Tuesday, August 12, 2008

Psychosis

Under the visible stress of repeatedly lying about and denying unmistakable evidence, Washington Mutual reported its bruising fiscal second quarter 2008 results. Everybody could hear management’s connection to reality snap like a dry twig.

Despite a monumental loss of $3.3B for the quarter, an increase of loan loss reserves to $8B from $5.91, cutting $1B in expenses by the end of 2009, selling off $10B worth of assets to free up roughly $550M in capital, readying $40B in liquidity, and the expectation of as much as $19B in mortgage-related losses before the bloodshed subsides, the dashing CEO said “… we are sufficiently capitalized to manage the crisis.” This is where management makes its clean, psychotic break with reality.

“In the face of unprecedented housing and mortgage market conditions, we are continuing to execute on a comprehensive plan designed to ensure that we have strong capital and liquidity, an appropriately sized expense base and a strong, profitable retail franchise,” CEO Kerry Killinger said in a statement. “Our recent $7.2 billion capital raise, combined with the other proactive steps we have taken this quarter to strengthen our banking franchise and further expense reductions, continue to move us toward achieving these goals.”

But what is really concerning is the increase in loan loss reserves and the anticipated $19B price tag for the credit binge ingested during the housing bubble.
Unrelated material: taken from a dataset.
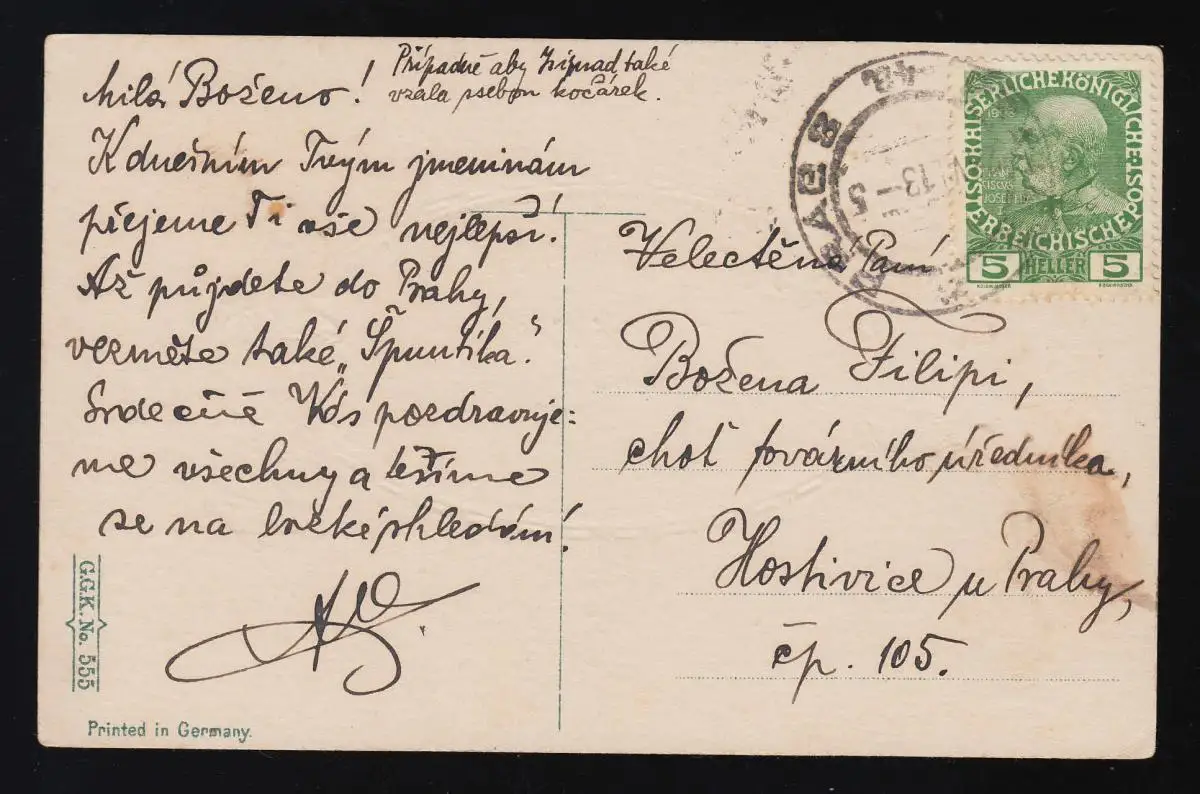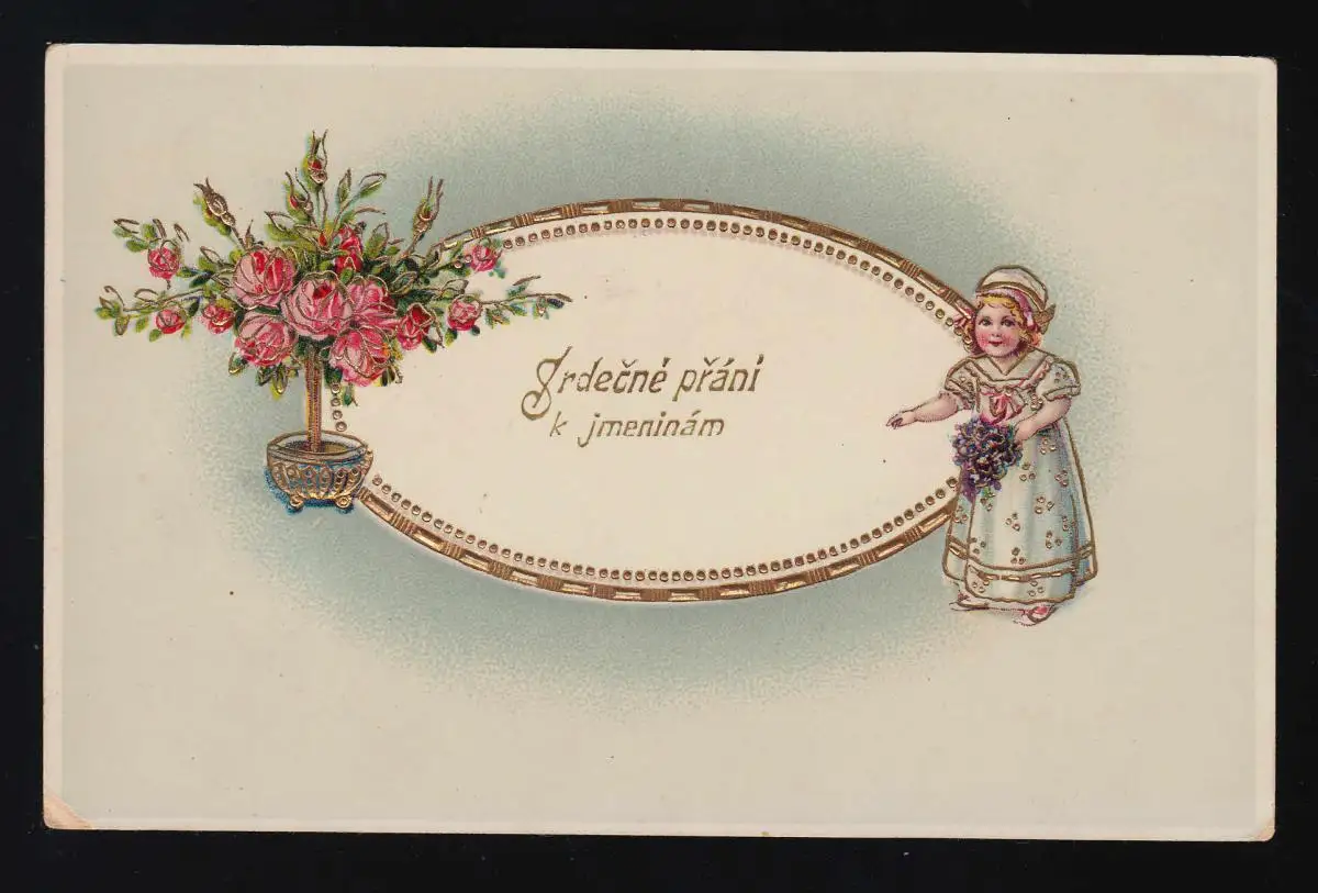 Srdečné přání k jmeninám Rosier cadre en or enfant avec fleurs, Prague vers 1908
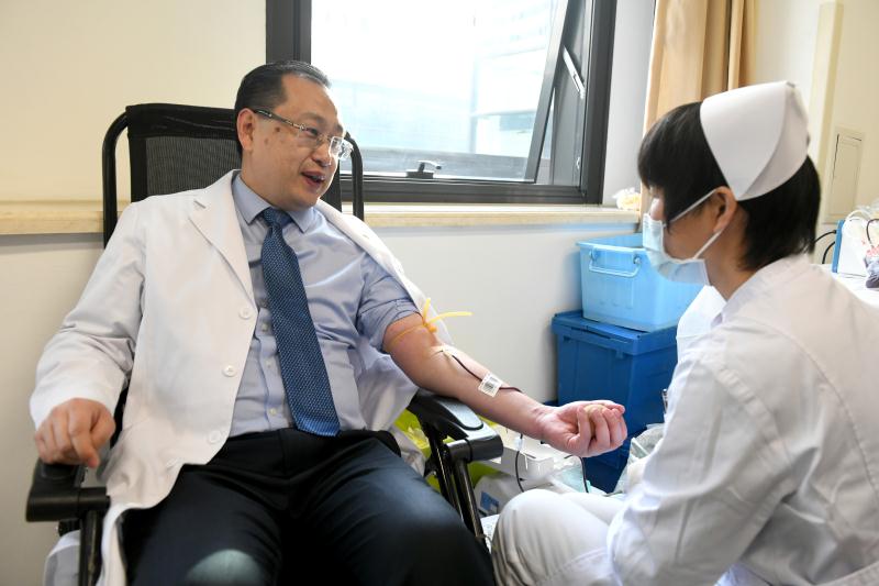 北京天坛医院党委委员、神经外科党总支书记贾旺早早来到献血室。“我来献血,是尽一名医生的责任,同时也希望通过我的行动感召更多的人参与献血,帮助更多的患者,让更多的家庭团圆。”贾旺说。

How is WaMu going to cover that? HOW? About the only thing WaMu did right was to announce it had no intentions of raising more capital, because of course they can’t. WaMu raised $7B from a group of institutional investors led by TPG and those shares are below that offering price now.

Who will buy WaMu now? Would you? The reality is that the best the bank can hope for is a continued stock rally and the possibility of selling off some more of its assets. Furthermore, that chunk added to the loan loss reserves speaks louder than words. It says at least half of WaMu’s split personality expects things to get worse.

As if the past quarter wasn’t bad enough:

Total net charge-offs, or loans written off as unpaid, increased to $2.17 billion, while nonperforming assets grew to 3.62 percent of total assets as of June 30, from 2.87 percent at the end of the first quarter.

No amount of denial will prevent the reverberations of a $2.17B thud.

It’s buy-and-holders who invest the most and sell last. It’s for them that WaMu needs to take a cold look at reality and do the hard things that need to be done. Instead it has a split psychosis standing on the edge of insanity daring itself to jump.